Myanimelist collects the ratings of several million users, and uses those to make an overall anime rank. The problem with this method is that some people systematically give higher ratings than others, and those people might be more likely to watch certain shows. Conversely, there is the same issue on the user side, where some people might deliberately search out shows with higher ratings than others.

Normally this issue would be solved with regression, which cannot be done here because there are 10,000 different titles and 1,000,000 different users, making it impossible to run the algorithm due to memory constraints. Instead, I used an interated method where I observed which raters gave higher ratings than others controlling for the anime they watched, and what anime received higher ratings than others controlling for the users who rated them. Because the confounding goes both ways, so I had to repeat the method to get roughly reliable results.

Loading and cleaning data

setwd('~')
Warning: The working directory was changed to C:/Users/micha/OneDrive/Documents inside a notebook chunk. The working directory will be reset when the chunk is finished running. Use the knitr root.dir option in the setup chunk to change the working directory for notebook chunks.
setwd('rfolder/anime')
animeids <- read.csv('data/anime.csv', sep='\t')
#original anime ranks
ogranks <- read.csv('data2/aranks_v1.csv', sep=',')
#first iteration
aranks2 <- read.csv('data2/aranks_v2.csv', sep=',')
#fifth iteration
aranks5 <- read.csv('data2/aranks_v6.csv', sep=',')
sequel <- read.csv('data2/sequels.csv', sep=',') %>% select(anime_id, Sequel)
#tenth iteration
aranks10 <- read.csv('data2/aranks_v11.csv', sep=',')
animeids <- read.csv('data/anime.csv', sep='\t')
names <- animeids %>% select(anime_id, title)

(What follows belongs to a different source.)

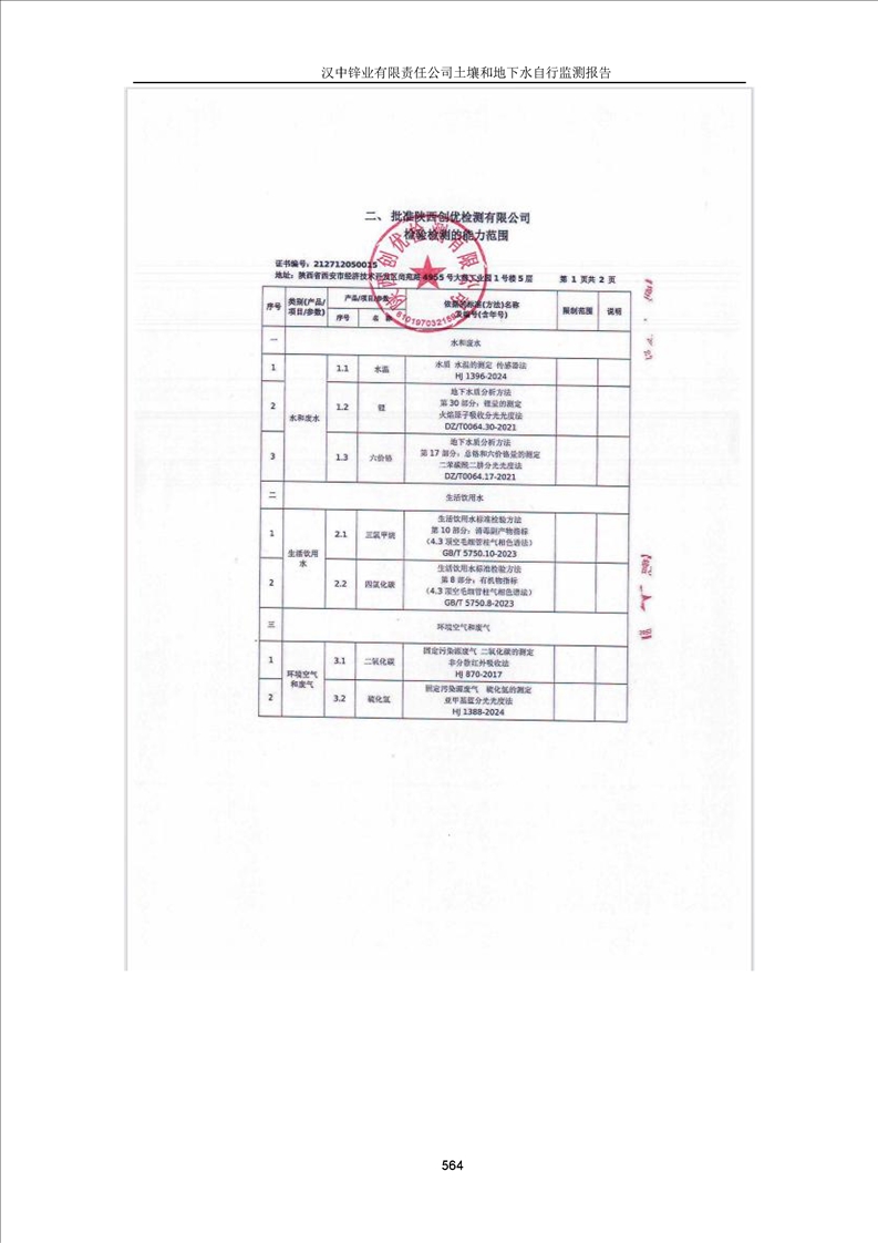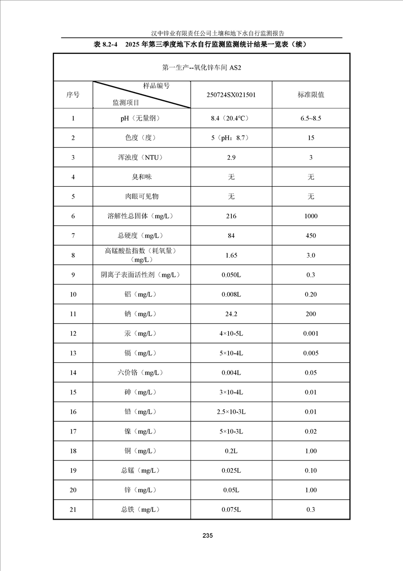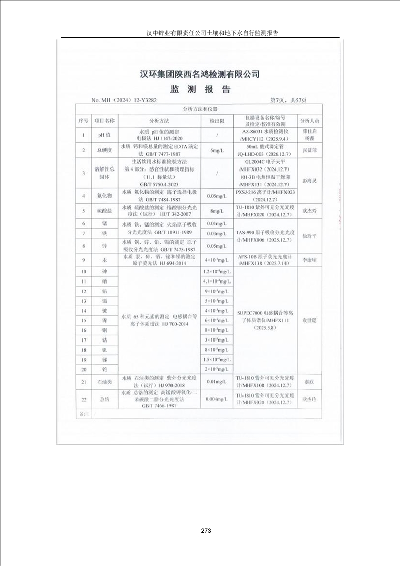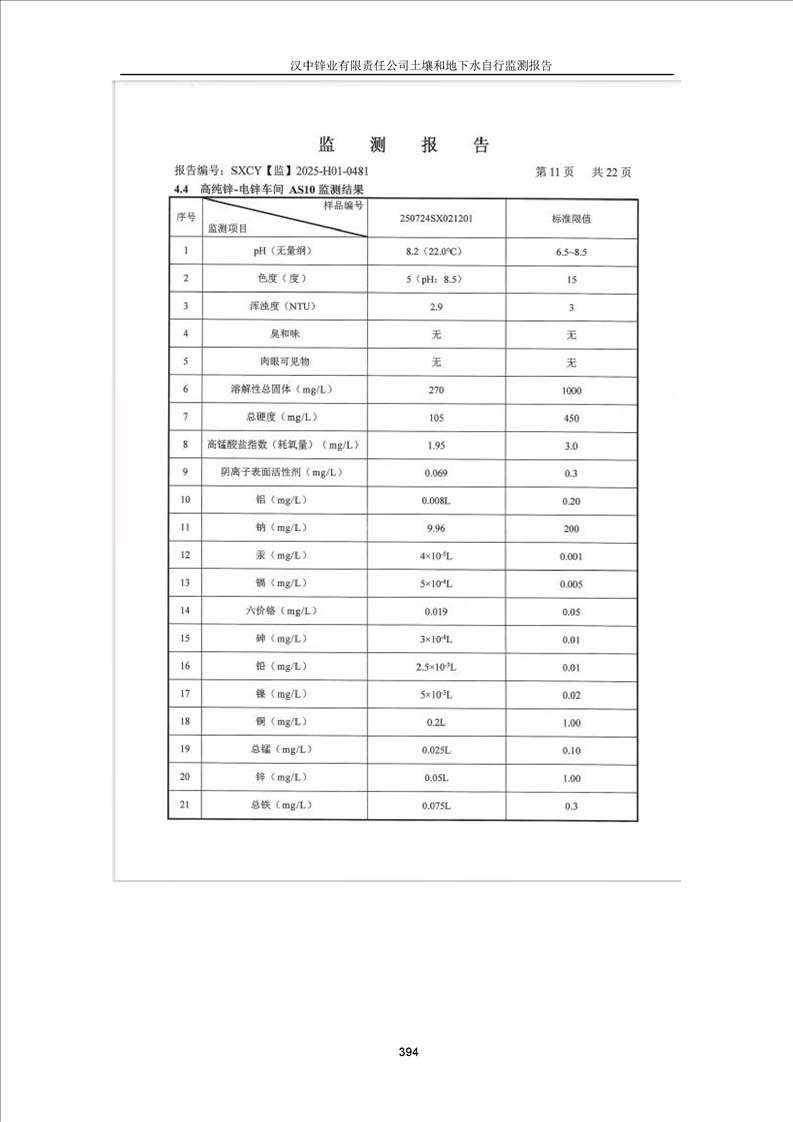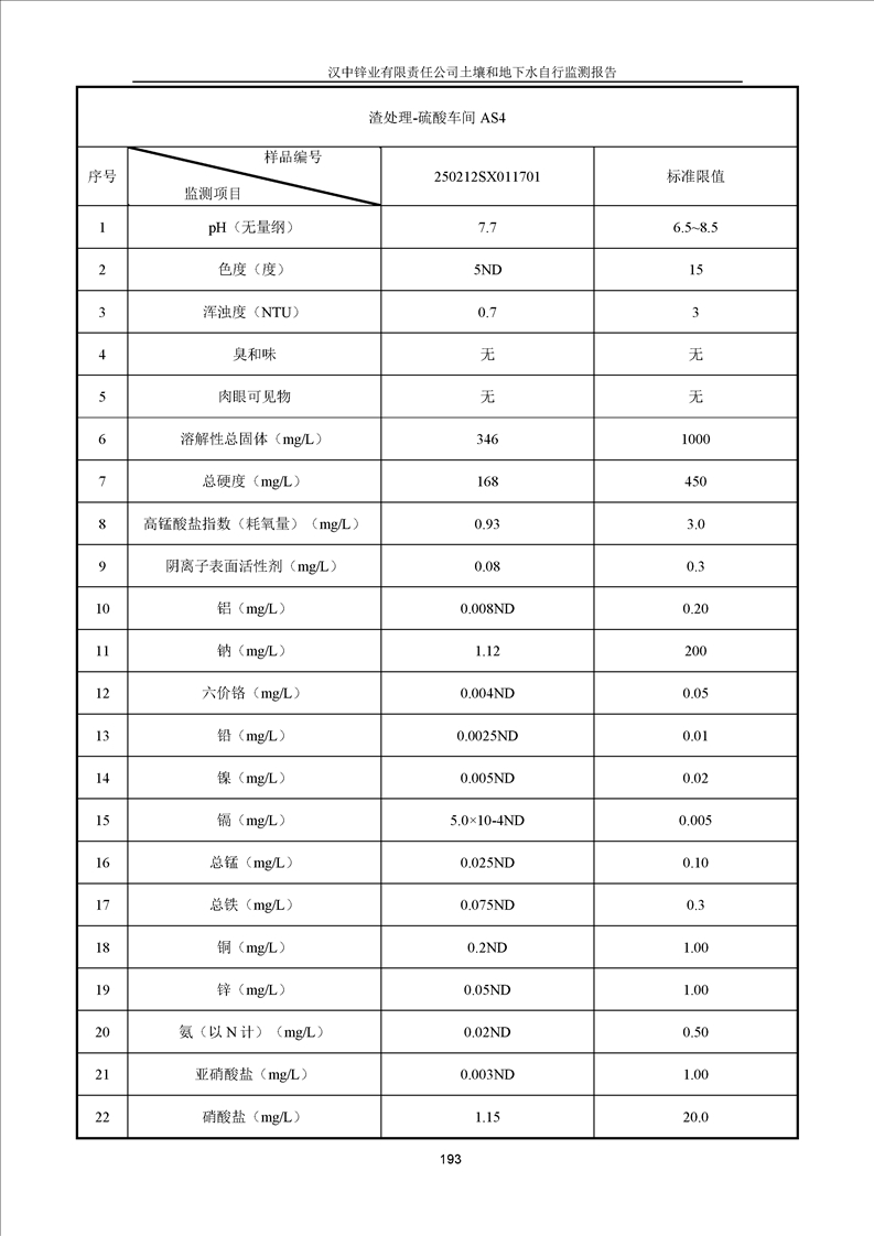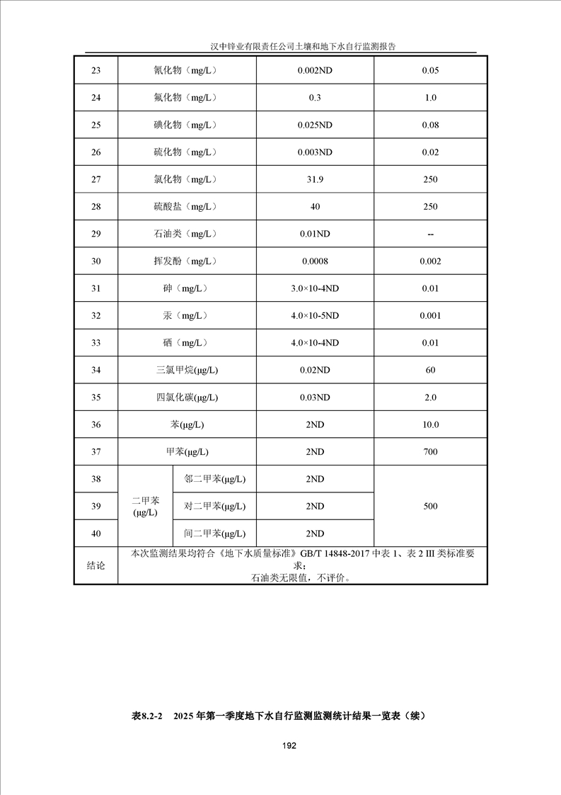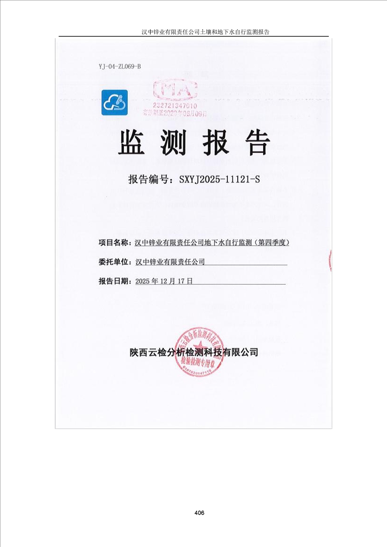 汉中锌业有限责任公司土壤和地下水自行监测报告(2025年)

original_ranks <- left_join(ogranks, names, by='anime_id') %>% arrange(-animescore)
first_iteration <- left_join(aranks2, names, by='anime_id') %>% arrange(-animescore)
fifth_iteration <- left_join(aranks5, names, by='anime_id') %>% arrange(-animescore)
tenth_iteration <- left_join(aranks10, names, by='anime_id') %>% arrange(-animescore)

mean(original_ranks$animescore, na.rm=T)
[1] 6.284712
sd(original_ranks$animescore, na.rm=T)
[1] 1.052224
first_iteration$animescore = normalise(first_iteration$animescore)*1.052224+6.284712
fifth_iteration$animescore = normalise(fifth_iteration$animescore)*1.052224+6.284712
tenth_iteration$animescore = normalise(tenth_iteration$animescore)*1.052224+6.284712

first_iteration$animescore1 = first_iteration$animescore
fifth_iteration$animescore5 = fifth_iteration$animescore
tenth_iteration$animescore10 = tenth_iteration$animescore

newdata <- left_join(original_ranks, first_iteration %>% select(anime_id, animescore1), by='anime_id') %>% arrange(-animescore)
newdata <- left_join(newdata, fifth_iteration %>% select(anime_id, animescore5), by='anime_id') %>% arrange(-animescore)
newdata <- left_join(newdata, tenth_iteration %>% select(anime_id, animescore10), by='anime_id') %>% arrange(-animescore)
newdata <- left_join(newdata, sequel %>% select(anime_id, Sequel), by='anime_id') %>% arrange(-animescore)
newdata$adv <- newdata$animescore10 - newdata$animescore

Correlation matrix. Correlation between fifth iteration ratings and tenth iteration is about .996.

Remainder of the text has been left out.